| MATERIAL PROVIDED |
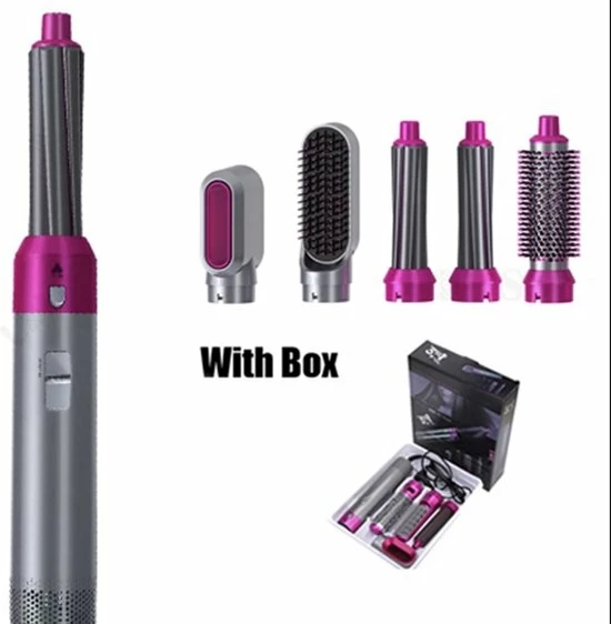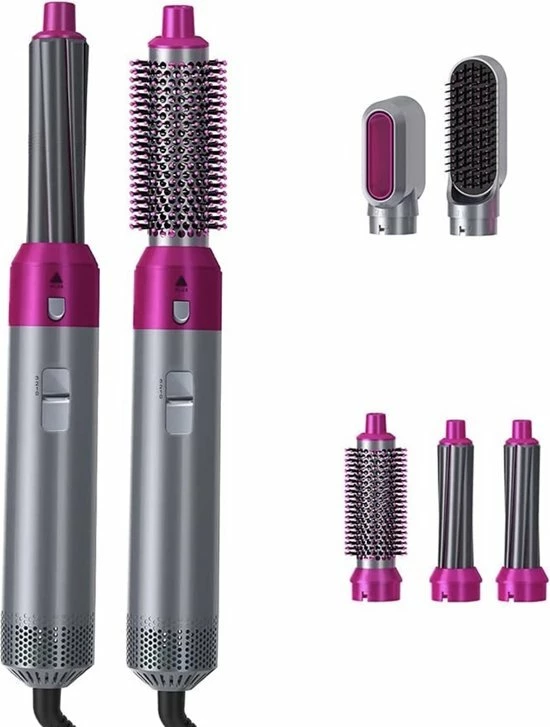 - 5 opzetstukken (föhn, gladde borstel, volume borstel, kruller links, kruller rechts)
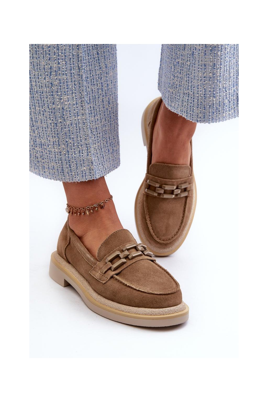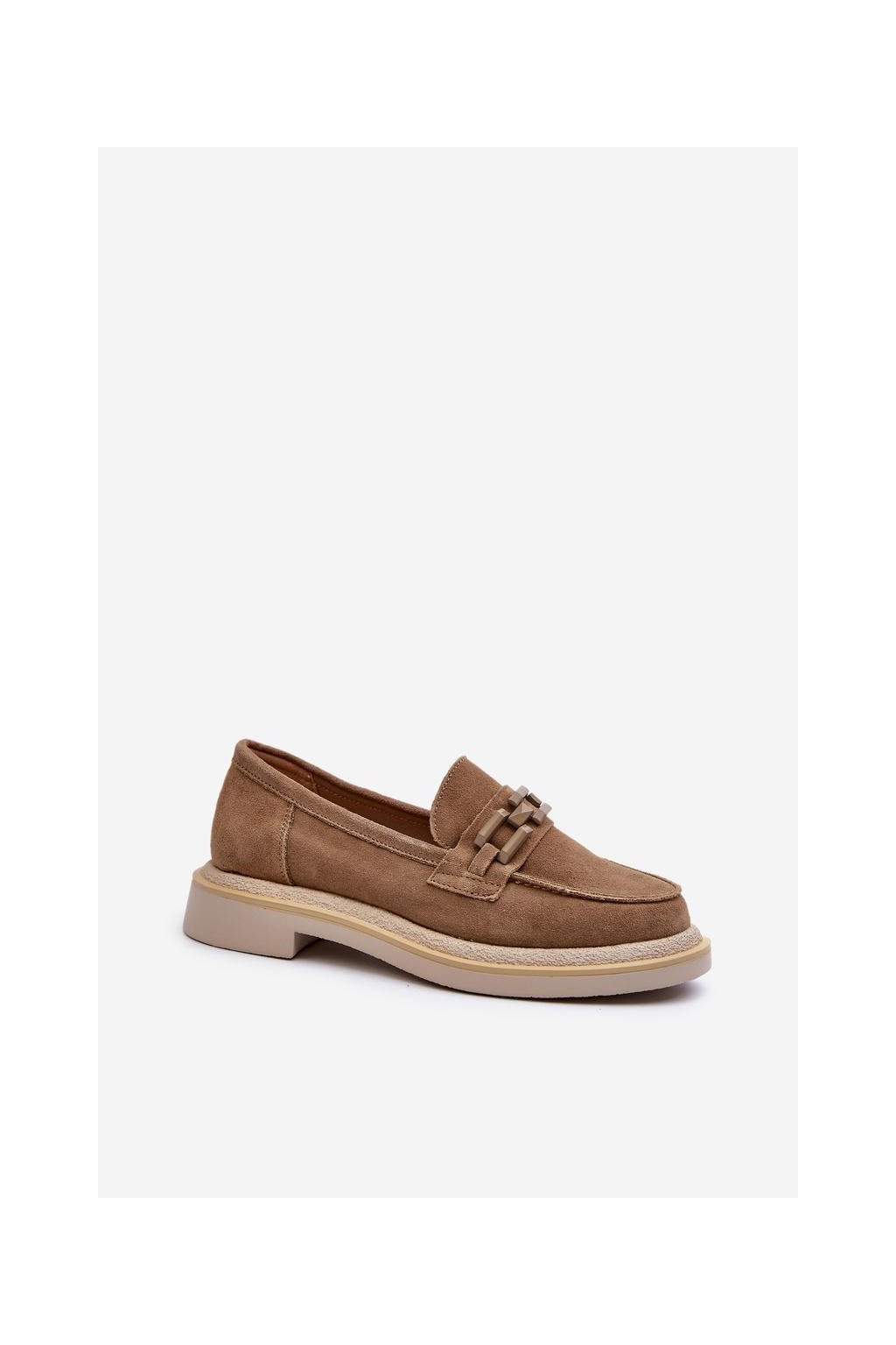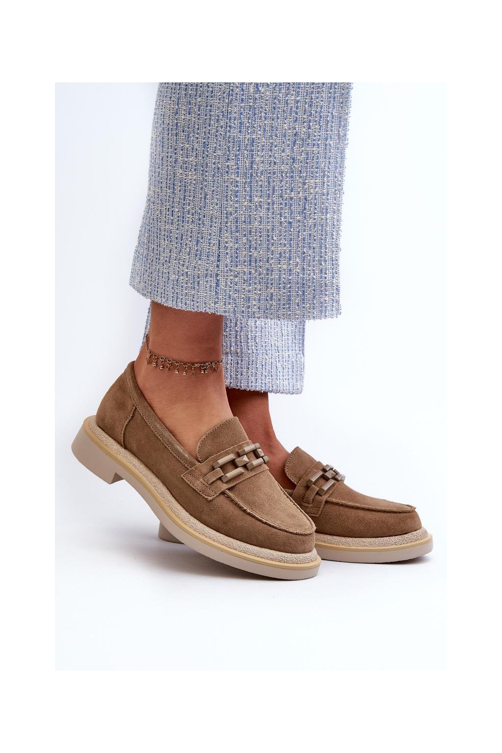 Dámské mokasíny vyrobené z přírodní semiše. Plochý podpatek zaručuje stabilitu a pohodlí při chůzi. Další ozdobný prvek vpředu jim dodává originalitu, což je činí nejen praktickými, ale také módními. Tyto mokasíny budou ideálním doplňkem mnoha různých stylů, jak ležérních, tak i elegantnějších.
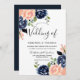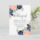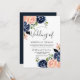 Carton d'Invitation de Mariage Moderne Fleurs Rose Pâle et Bleu Nuit
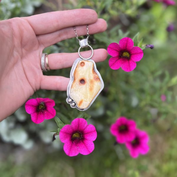 Bursztyn mleczny kropeczki dziurka to propozycja nietuzinkowego wisiora srebrnego z naturalnym bursztynem. Naturalny bursztyn mleczny o nieregularnym kształcie trafił do tego wisiorka. Oprawę bursztynu dopasowałam idealnie do jego kształtu. Tuż przy oprawie bursztynu dodałam dwie kropeczki ze srebra. Bursztyn naturalny bałtycki odkryłam od spodu. Dookoła oprawy bursztynu wycięłam ręcznie ramkę ze srebra, by kompozycja nie była zbyt nudna. Na koniec wisiorek bursztynowy zawiesiłam na krawatce, którą utworzyłam własnoręcznie. Bursztyn w jasnym miejscu został przeszlifowany, zaś na bokach tam gdzie jest rudawy kolor bursztyn pozostawiłam surowy. Zagłębienia w bursztynie są naturalne. Największy urok ma dziurka stworzona przez naturę. Niezwykle rzadko trafiają się okazy z otworem stworzonym przez naturę bez ingerencji człowieka. Okaz jest zdecydowanie unikatowy, ogromną radość sprawiło mi oprawienie takiego bursztynu w nieregularnym kształcie. Lekkie polerowanie bursztynu sprawia iż nie wygląda on jak nudny kolejny owal, nadmierne ścieranie i polerowanie zniszczyło by urok tego złota z Bałtyku.

| ASSIGNMENT |
Please set down each line of the listing above word for word, skipping any pictures.

| SOLVED EXERCISE |
 - 5 opzetstukken (föhn, gladde borstel, volume borstel, kruller links, kruller rechts)
 Dámské mokasíny vyrobené z přírodní semiše. Plochý podpatek zaručuje stabilitu a pohodlí při chůzi. Další ozdobný prvek vpředu jim dodává originalitu, což je činí nejen praktickými, ale také módními. Tyto mokasíny budou ideálním doplňkem mnoha různých stylů, jak ležérních, tak i elegantnějších.
 Carton d'Invitation de Mariage Moderne Fleurs Rose Pâle et Bleu Nuit
 Bursztyn mleczny kropeczki dziurka to propozycja nietuzinkowego wisiora srebrnego z naturalnym bursztynem. Naturalny bursztyn mleczny o nieregularnym kształcie trafił do tego wisiorka. Oprawę bursztynu dopasowałam idealnie do jego kształtu. Tuż przy oprawie bursztynu dodałam dwie kropeczki ze srebra. Bursztyn naturalny bałtycki odkryłam od spodu. Dookoła oprawy bursztynu wycięłam ręcznie ramkę ze srebra, by kompozycja nie była zbyt nudna. Na koniec wisiorek bursztynowy zawiesiłam na krawatce, którą utworzyłam własnoręcznie. Bursztyn w jasnym miejscu został przeszlifowany, zaś na bokach tam gdzie jest rudawy kolor bursztyn pozostawiłam surowy. Zagłębienia w bursztynie są naturalne. Największy urok ma dziurka stworzona przez naturę. Niezwykle rzadko trafiają się okazy z otworem stworzonym przez naturę bez ingerencji człowieka. Okaz jest zdecydowanie unikatowy, ogromną radość sprawiło mi oprawienie takiego bursztynu w nieregularnym kształcie. Lekkie polerowanie bursztynu sprawia iż nie wygląda on jak nudny kolejny owal, nadmierne ścieranie i polerowanie zniszczyło by urok tego złota z Bałtyku.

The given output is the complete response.